▶ _Records for processing_:
——————————

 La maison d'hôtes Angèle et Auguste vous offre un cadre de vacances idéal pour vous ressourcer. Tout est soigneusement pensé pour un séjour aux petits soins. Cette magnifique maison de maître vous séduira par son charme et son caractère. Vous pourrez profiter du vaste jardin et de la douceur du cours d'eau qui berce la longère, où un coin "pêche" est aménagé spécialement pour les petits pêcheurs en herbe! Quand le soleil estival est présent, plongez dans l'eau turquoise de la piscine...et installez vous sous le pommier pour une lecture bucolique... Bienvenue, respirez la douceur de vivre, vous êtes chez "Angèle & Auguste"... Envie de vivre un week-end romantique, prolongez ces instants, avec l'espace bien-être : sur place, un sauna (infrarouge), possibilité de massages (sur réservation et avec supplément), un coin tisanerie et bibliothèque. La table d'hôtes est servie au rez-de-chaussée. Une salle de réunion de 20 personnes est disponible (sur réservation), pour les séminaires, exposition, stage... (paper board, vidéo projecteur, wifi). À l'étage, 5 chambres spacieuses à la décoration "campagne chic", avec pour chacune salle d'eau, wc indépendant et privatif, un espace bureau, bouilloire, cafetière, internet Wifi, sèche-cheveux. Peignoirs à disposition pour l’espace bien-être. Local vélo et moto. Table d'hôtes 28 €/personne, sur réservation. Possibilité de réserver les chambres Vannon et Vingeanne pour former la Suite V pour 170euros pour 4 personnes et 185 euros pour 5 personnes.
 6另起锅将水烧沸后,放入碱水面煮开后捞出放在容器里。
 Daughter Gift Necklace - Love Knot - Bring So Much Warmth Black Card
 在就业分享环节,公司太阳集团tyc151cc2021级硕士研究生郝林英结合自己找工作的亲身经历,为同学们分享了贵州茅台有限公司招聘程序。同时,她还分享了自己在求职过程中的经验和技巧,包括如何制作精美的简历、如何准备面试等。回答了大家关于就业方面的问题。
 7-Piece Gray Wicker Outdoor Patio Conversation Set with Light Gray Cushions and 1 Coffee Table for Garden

——————————

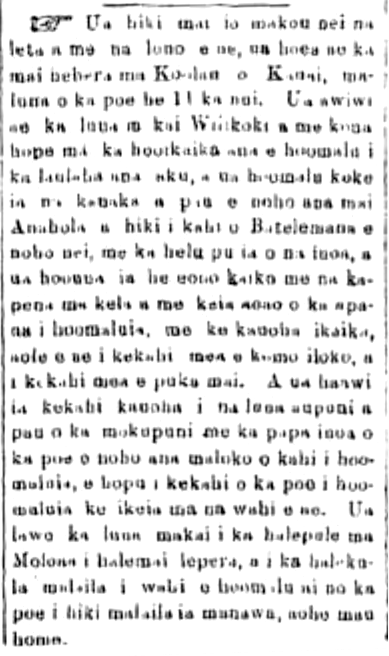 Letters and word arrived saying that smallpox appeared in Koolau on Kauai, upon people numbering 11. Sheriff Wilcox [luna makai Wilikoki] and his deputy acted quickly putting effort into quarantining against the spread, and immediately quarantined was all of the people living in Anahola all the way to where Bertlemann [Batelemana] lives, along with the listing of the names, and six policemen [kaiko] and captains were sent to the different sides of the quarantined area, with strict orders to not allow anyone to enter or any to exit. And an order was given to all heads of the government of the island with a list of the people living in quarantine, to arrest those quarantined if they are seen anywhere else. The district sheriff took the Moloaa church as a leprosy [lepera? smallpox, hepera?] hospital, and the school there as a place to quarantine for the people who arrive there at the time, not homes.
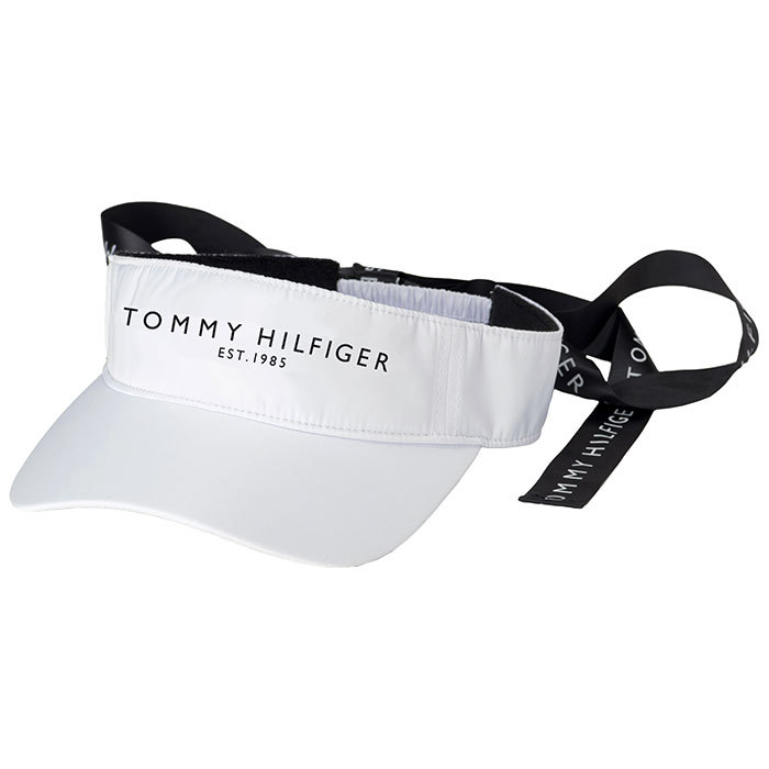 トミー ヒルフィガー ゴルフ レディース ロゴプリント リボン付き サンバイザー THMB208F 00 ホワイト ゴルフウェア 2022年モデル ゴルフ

——————————

▶ _Task description_: Begin at the line above that has "La maison d'hôtes" and stop after the line that has "在就业分享环节,公司太阳集团", copying each line exactly and adding nothing else.

▶ _Solution_:
 La maison d'hôtes Angèle et Auguste vous offre un cadre de vacances idéal pour vous ressourcer. Tout est soigneusement pensé pour un séjour aux petits soins. Cette magnifique maison de maître vous séduira par son charme et son caractère. Vous pourrez profiter du vaste jardin et de la douceur du cours d'eau qui berce la longère, où un coin "pêche" est aménagé spécialement pour les petits pêcheurs en herbe! Quand le soleil estival est présent, plongez dans l'eau turquoise de la piscine...et installez vous sous le pommier pour une lecture bucolique... Bienvenue, respirez la douceur de vivre, vous êtes chez "Angèle & Auguste"... Envie de vivre un week-end romantique, prolongez ces instants, avec l'espace bien-être : sur place, un sauna (infrarouge), possibilité de massages (sur réservation et avec supplément), un coin tisanerie et bibliothèque. La table d'hôtes est servie au rez-de-chaussée. Une salle de réunion de 20 personnes est disponible (sur réservation), pour les séminaires, exposition, stage... (paper board, vidéo projecteur, wifi). À l'étage, 5 chambres spacieuses à la décoration "campagne chic", avec pour chacune salle d'eau, wc indépendant et privatif, un espace bureau, bouilloire, cafetière, internet Wifi, sèche-cheveux. Peignoirs à disposition pour l’espace bien-être. Local vélo et moto. Table d'hôtes 28 €/personne, sur réservation. Possibilité de réserver les chambres Vannon et Vingeanne pour former la Suite V pour 170euros pour 4 personnes et 185 euros pour 5 personnes.
 6另起锅将水烧沸后,放入碱水面煮开后捞出放在容器里。
 Daughter Gift Necklace - Love Knot - Bring So Much Warmth Black Card
 在就业分享环节,公司太阳集团tyc151cc2021级硕士研究生郝林英结合自己找工作的亲身经历,为同学们分享了贵州茅台有限公司招聘程序。同时,她还分享了自己在求职过程中的经验和技巧,包括如何制作精美的简历、如何准备面试等。回答了大家关于就业方面的问题。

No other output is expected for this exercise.